Please consider the following question that I have:
docText={"settlement", "new", "beginnings", "wildwood", "settlement", "book",
"excerpt", "agnes", "leffler", "perry", "my", "mother", "junetta",
"hally", "leffler", "brought", "my", "brother", "frank", "and", "me",
"to", "edmonton", "from", "monmouth", "illinois", "mrs", "matilda",
"groff", "accompanied", "us", "her", "husband", "joseph", "groff",
"my", "father", "george", "leffler", "and", "my", "uncle", "andrew",
"henderson", "were", "already", "in", "edmonton", "they", "came",
"in", "1910", "we", "arrived", "july", "1", "1911", "the", "sun",
"was", "shining", "when", "we", "arrived", "however", "it", "had",
"been", "raining", "for", "days", "and", "it", "was", "very",
"muddy", "especially", "around", "the", "cn", "train"}
searchWords={"the","for","my","and","me","and","we"}
Each of these lists are much longer (say 250 words in the searchWords
list and docText
being about 12,000 words).
Right now, I have the ability to figure out frequency of a given word by doing something like:
docFrequency=Sort[Tally[docText],#1[[2]]>#2[[2]]&];
Flatten[Cases[docFrequency,{"settlement",_}]][[2]]
But where I am getting hung up is on my quest to generate specific lists. Specifically, the issue of converting a list of words into a list of the frequency in which those words appear. I've tried to do this with Do
loops but have hit a wall.
I want to go through docText
with searchWords
and replace each element of docText with the sheer frequency of its appearance. I.e. since "settlement" appears twice, it would be replaced by 2 in the list, whereas since "my" appears 3 times, it would become 3. The list would then be something like 2,1,1,1,2, and so forth.
I suspect the answer lies somewhere in If[]
and Map[]
?
This all sounds weird, but I am trying to pre-process a bunch of information for term frequency information…

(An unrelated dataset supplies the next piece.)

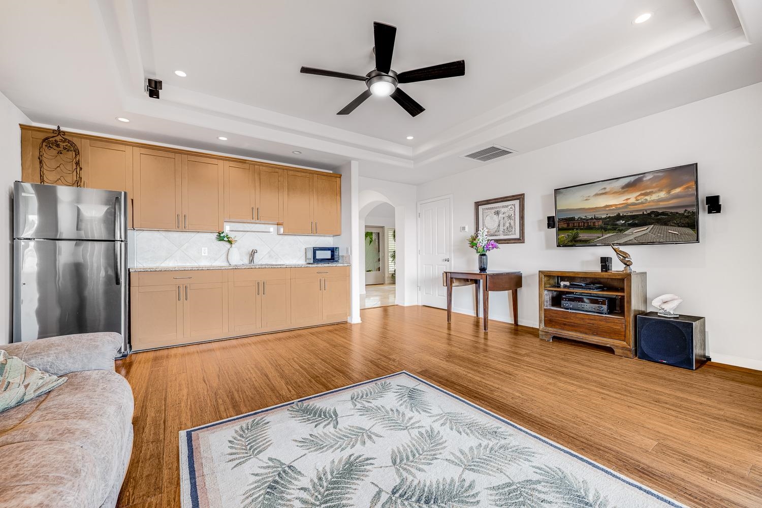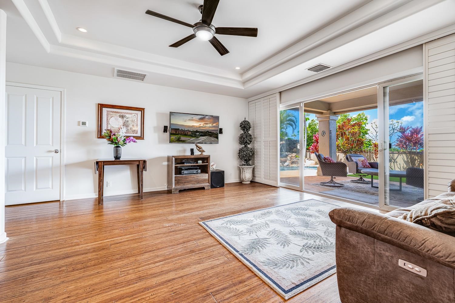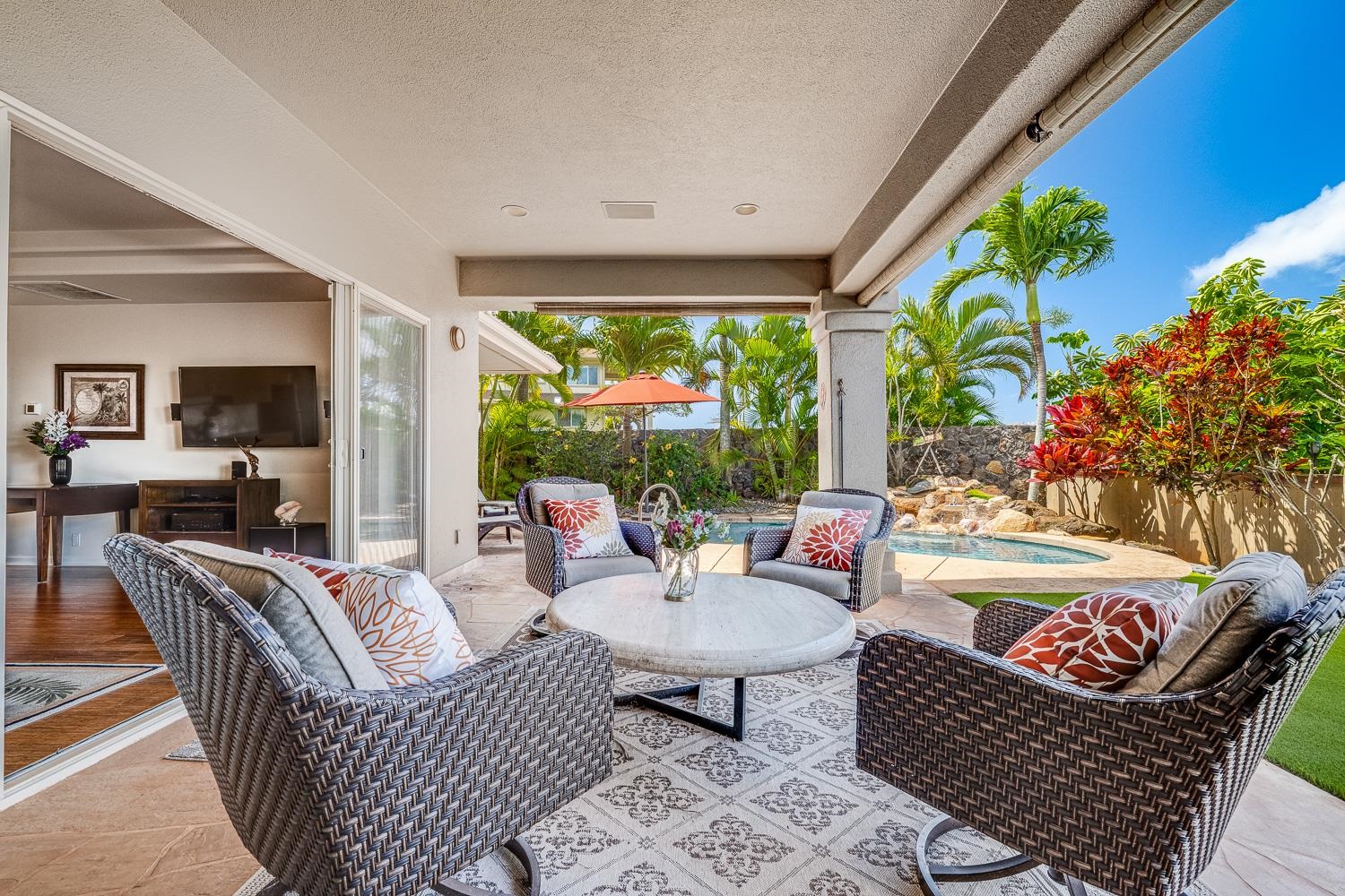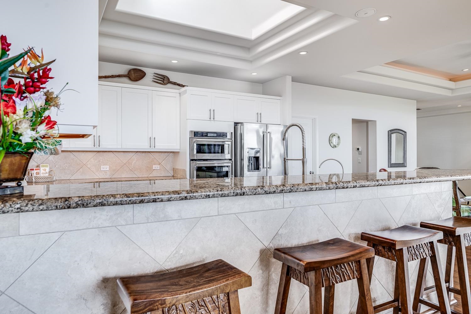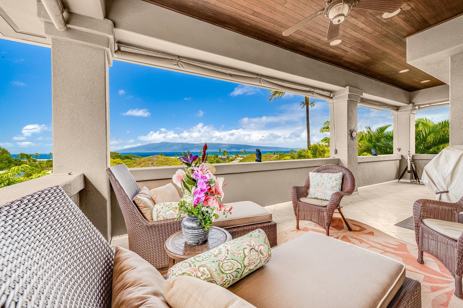Positioned within the sought-after Kahana Ridge community in Lahaina, 302 Kahana Ridge Drive offers a refined take on West Maui living, with panoramic ocean views, generous interior spaces, and a highly convenient location. Beautifully updated and exceptionally maintained, this three-bedroom, two-and-a-half-bath Kahana Ridge residence offers approximately 2,784 square feet of interior living space and captures sweeping ocean views extending to Molokai and Lanai. Offered fully furnished, the interior living space is designed to capture natural light and frame views of the Pacific from multiple vantage points. From the moment you arrive, the home’s clean architectural lines and well-maintained exterior signal a property that has been thoughtfully cared for. A spacious driveway and three-car garage provide both functionality and flexibility, while the surrounding neighborhood reflects the pride of ownership that defines Kahana Ridge. The upper level features the main living area, kitchen, and primary suite, all positioned to take full advantage of the views. An expansive lanai extends off the living space, providing an ideal setting for outdoor dining and relaxation. The kitchen has been thoughtfully refreshed with refinished cabinetry and quality finishes, while large windows and tinted glass enhance both comfort and natural light throughout the main living areas. Custom glass front doors create a distinctive entry experience that sets the tone from the moment you arrive. The lower level includes two additional bedrooms, a full bath, and a separate living area with a kitchenette, offering excellent flexibility for guests, extended family, or private use. Additional lanai space on this level further enhances the home’s indoor outdoor living. Outside, a custom pool serves as a focal point of the outdoor space, complemented by a dedicated pool and storage room that adds convenience and functionality. The entire space has been extensively improved, with a regraded backyard, reinforced concrete borders, and professionally designed landscaping that includes synthetic turf and irrigation systems for trees and garden areas. Additional upgrades include a water filtration system, new central air conditioning systems, and substantial interior storage throughout the home. Located in one of West Maui’s most desirable residential communities, Kahana Ridge offers a peaceful neighborhood setting just minutes from the beaches of Kahana, Napili, and Kapalua, along with nearby dining, shopping, and golf. This is a rare opportunity to own a move-in-ready home that combines quality improvements, flexible living spaces, a private pool, and commanding ocean views across multiple islands.

Addition for Clarity (I hope):
Here is a better example.
searchWords={"0", "1", "2", "3", "4", "5", "6", "7", "8", "9", "a", "A", "about",
"above", "across", "after", "again", "against", "all", "almost",
"alone", "along", "already", "also", "although", "always", "among",
"an", "and", "another", "any", "anyone", "anything", "anywhere",
"are", "around", "as", "at", "b", "B", "back", "be", "became",
"because", "become", "becomes", "been", "before", "behind", "being",
"between", "both", "but", "by", "c", "C", "can", "cannot", "could",
"d", "D", "do", "done", "down", "during", "e", "E", "each", "either",
"enough", "even", "ever", "every", "everyone", "everything",
"everywhere", "f", "F", "few", "find", "first", "for", "four",
"from", "full", "further", "g", "G", "get", "give", "go", "h", "H",
"had", "has", "have", "he", "her", "here", "herself", "him",
"himself", "his", "how", "however", "i", "I", "if", "in", "interest",
"into", "is", "it", "its", "itself", "j", "J", "k", "K", "keep", "l",
"L", "last", "least", "less", "m", "M", "made", "many", "may", "me",
"might", "more", "most", "mostly", "much", "must", "my", "myself",
"n", "N", "never", "next", "no", "nobody", "noone", "not", "nothing",
"now", "nowhere", "o", "O", "of", "off", "often", "on", "once",
"one", "only", "or", "other", "others", "our", "out", "over", "p",
"P", "part", "per", "perhaps", "put", "q", "Q", "r", "R", "rather",
"s", "S", "same", "see", "seem", "seemed", "seeming", "seems",
"several", "she", "should", "show", "side", "since", "so", "some",
"someone", "something", "somewhere", "still", "such", "t", "T",
"take", "than", "that", "the", "their", "them", "then", "there",
"therefore", "these", "they", "this", "those", "though", "three",
"through", "thus", "to", "together", "too", "toward", "two", "u",
"U", "under", "until", "up", "upon", "us", "v", "V", "very", "w",
"W", "was", "we", "well", "were", "what", "when", "where", "whether",
"which", "while", "who", "whole", "whose", "why", "will", "with",
"within", "without", "would", "x", "X", "y", "Y", "yet", "you",
"your", "yours", "z", "Z"}
These are the automatically generated stopwords from WordData[]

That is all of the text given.